Problem: Repeat all of the records exactly, leaving out the pictures.
--------
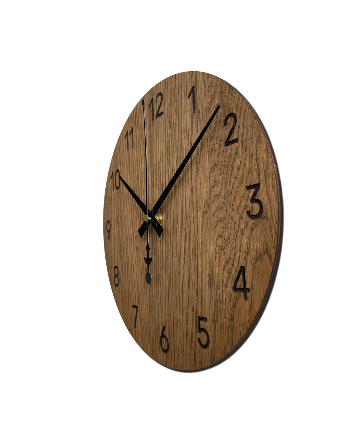 Moderní nástěnné hodiny z pravého dubového dřeva přinášejí spojení řemeslné kvality, ticha a nadčasové estetiky .
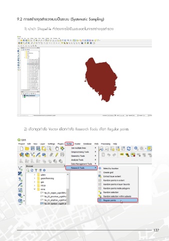 9.2 การสรางจุดสำรวจแบบเปนระบบ (Systematic Sampling) 1) นำเขา Shapefiffiile ที่ตองการใชเปนขอบเขตในการสรางจุดสำรวจ 2) เลือกชุดคำสั่ง Vector เลือกคำสั่ง Research Tools เลือก Regular points 137
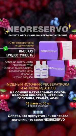 НЕОРЕЗЕРВО - новинка на российском рынке здоровья! Вещество способно снижать риски развития раковых и прочих заболеваний...
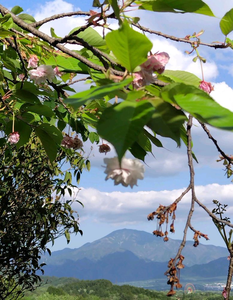 ④八重桜越しの恵那山🌸⛰️🌸
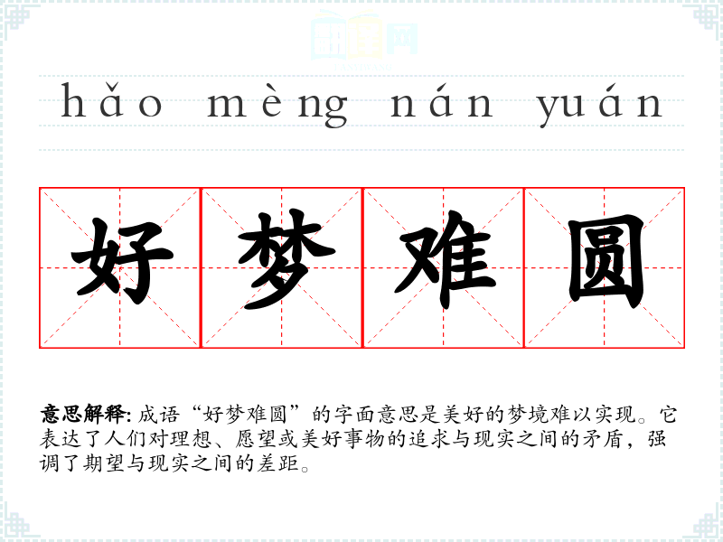 成语“好梦难圆”的字面意思是美好的梦境难以实现。它表达了人们对理想、愿望或美好事物的追求与现实之间的矛盾,强调了期望与现实之间的差距。
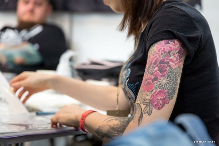 «Народ сечет стайл. Теперь все стараются „забиваться“ грамотно. Складывается какой-то смысл». Отечественная нательная живопись пока не достигла оборотов иностранной, но, по заверениям знающих людей, находится на единственно верном пути. 11 июня в Минске открылась выставка достижений народного тату-хозяйства. Корреспонденты Onliner.by побывали на ней, чтобы увидеть стаю сов на человечьих предплечьях и расписанные, как потолок Сикстинской капеллы, широкие спины, а заодно прочитать стихи на «забитых» бедрах.
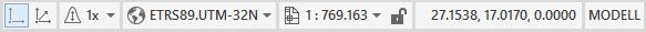 Zuerst muss der Zeichnung, die in ein anderes Koordinatensystem transformiert werden soll, das passende Koordinatensystem zugewiesen werden. Am einfachsten geht dies über die Statusleiste. Ist das Koordinatensystem nicht sichtbar, kann es mit dem Befehl MAPSTATUSBAR eingeblendet werden.
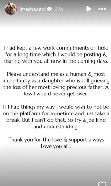 पुढे ईशा म्हणते, ‘हे नुकसान कधीच भरलं जाऊ शकत नाही… माझ्या हातात असतं तर, काही दिवस आणखी ब्रेक घेतला असता… पण असं करु शकत नाही… तुम्हा सर्वांच्या प्रेम आणि पाठिंब्याबद्दल शुभेच्छा…’ असं देखील ईशा पोस्टमध्ये म्हटली आहे…
--------
Solution for this exercise:
 Moderní nástěnné hodiny z pravého dubového dřeva přinášejí spojení řemeslné kvality, ticha a nadčasové estetiky .
 9.2 การสรางจุดสำรวจแบบเปนระบบ (Systematic Sampling) 1) นำเขา Shapefiffiile ที่ตองการใชเปนขอบเขตในการสรางจุดสำรวจ 2) เลือกชุดคำสั่ง Vector เลือกคำสั่ง Research Tools เลือก Regular points 137
 НЕОРЕЗЕРВО - новинка на российском рынке здоровья! Вещество способно снижать риски развития раковых и прочих заболеваний...
 ④八重桜越しの恵那山🌸⛰️🌸
 成语“好梦难圆”的字面意思是美好的梦境难以实现。它表达了人们对理想、愿望或美好事物的追求与现实之间的矛盾,强调了期望与现实之间的差距。
 «Народ сечет стайл. Теперь все стараются „забиваться“ грамотно. Складывается какой-то смысл». Отечественная нательная живопись пока не достигла оборотов иностранной, но, по заверениям знающих людей, находится на единственно верном пути. 11 июня в Минске открылась выставка достижений народного тату-хозяйства. Корреспонденты Onliner.by побывали на ней, чтобы увидеть стаю сов на человечьих предплечьях и расписанные, как потолок Сикстинской капеллы, широкие спины, а заодно прочитать стихи на «забитых» бедрах.
 Zuerst muss der Zeichnung, die in ein anderes Koordinatensystem transformiert werden soll, das passende Koordinatensystem zugewiesen werden. Am einfachsten geht dies über die Statusleiste. Ist das Koordinatensystem nicht sichtbar, kann es mit dem Befehl MAPSTATUSBAR eingeblendet werden.
 पुढे ईशा म्हणते, ‘हे नुकसान कधीच भरलं जाऊ शकत नाही… माझ्या हातात असतं तर, काही दिवस आणखी ब्रेक घेतला असता… पण असं करु शकत नाही… तुम्हा सर्वांच्या प्रेम आणि पाठिंब्याबद्दल शुभेच्छा…’ असं देखील ईशा पोस्टमध्ये म्हटली आहे…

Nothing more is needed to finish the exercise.